● **About this exercise**
Would you write out each line of the material below exactly, skipping every picture?

● **Data below**
•••

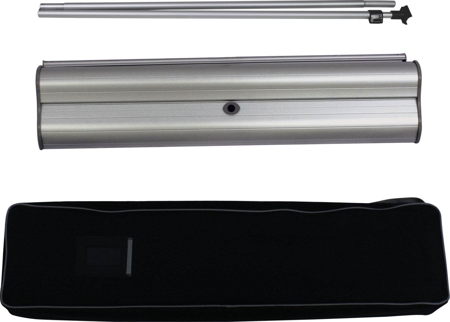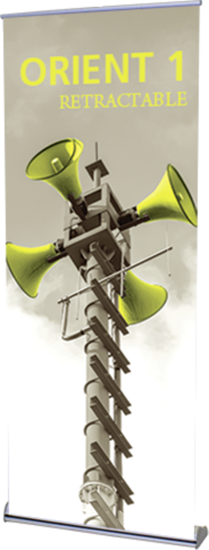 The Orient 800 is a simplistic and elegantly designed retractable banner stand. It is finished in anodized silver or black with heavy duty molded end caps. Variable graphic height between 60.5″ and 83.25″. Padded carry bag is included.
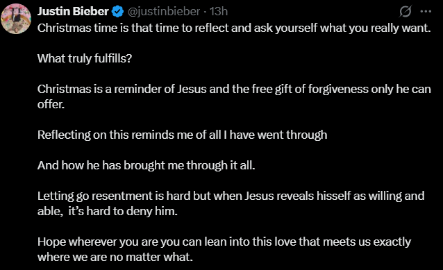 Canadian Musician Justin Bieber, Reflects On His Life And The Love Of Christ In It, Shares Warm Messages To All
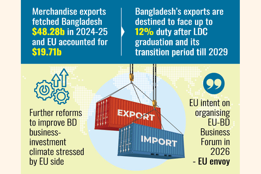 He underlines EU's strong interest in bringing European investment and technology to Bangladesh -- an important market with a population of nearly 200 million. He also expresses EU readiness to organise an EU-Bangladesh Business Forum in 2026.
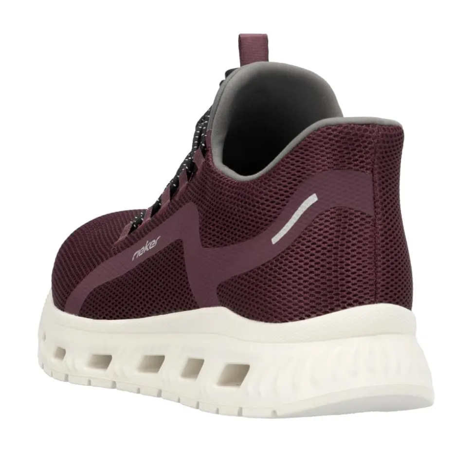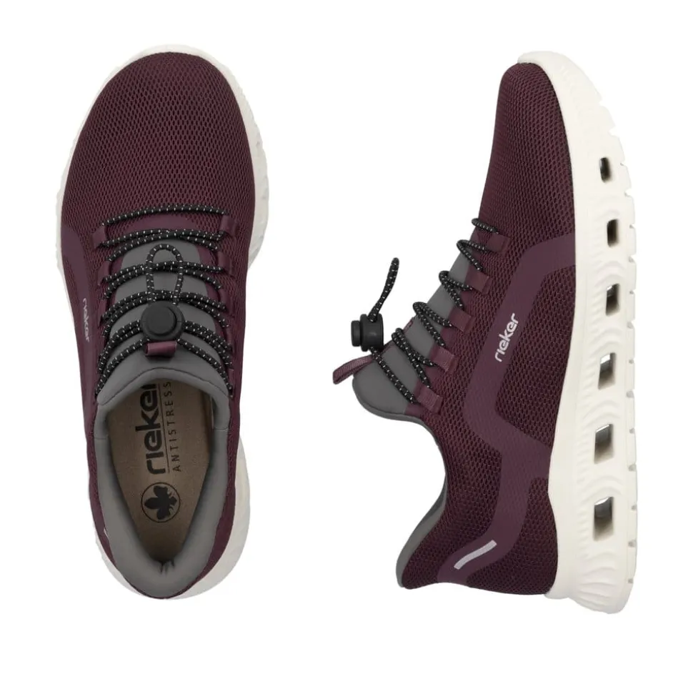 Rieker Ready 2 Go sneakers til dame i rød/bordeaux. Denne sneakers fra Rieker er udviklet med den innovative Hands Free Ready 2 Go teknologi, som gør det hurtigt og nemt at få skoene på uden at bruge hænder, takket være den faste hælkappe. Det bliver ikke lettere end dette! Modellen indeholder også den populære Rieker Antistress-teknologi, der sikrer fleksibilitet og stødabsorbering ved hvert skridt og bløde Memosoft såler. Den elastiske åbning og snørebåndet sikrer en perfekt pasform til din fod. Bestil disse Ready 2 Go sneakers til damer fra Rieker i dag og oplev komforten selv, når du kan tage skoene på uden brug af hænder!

•••

● **Solution for this problem**
 The Orient 800 is a simplistic and elegantly designed retractable banner stand. It is finished in anodized silver or black with heavy duty molded end caps. Variable graphic height between 60.5″ and 83.25″. Padded carry bag is included.
 Canadian Musician Justin Bieber, Reflects On His Life And The Love Of Christ In It, Shares Warm Messages To All
 He underlines EU's strong interest in bringing European investment and technology to Bangladesh -- an important market with a population of nearly 200 million. He also expresses EU readiness to organise an EU-Bangladesh Business Forum in 2026.
 Rieker Ready 2 Go sneakers til dame i rød/bordeaux. Denne sneakers fra Rieker er udviklet med den innovative Hands Free Ready 2 Go teknologi, som gør det hurtigt og nemt at få skoene på uden at bruge hænder, takket være den faste hælkappe. Det bliver ikke lettere end dette! Modellen indeholder også den populære Rieker Antistress-teknologi, der sikrer fleksibilitet og stødabsorbering ved hvert skridt og bløde Memosoft såler. Den elastiske åbning og snørebåndet sikrer en perfekt pasform til din fod. Bestil disse Ready 2 Go sneakers til damer fra Rieker i dag og oplev komforten selv, når du kan tage skoene på uden brug af hænder!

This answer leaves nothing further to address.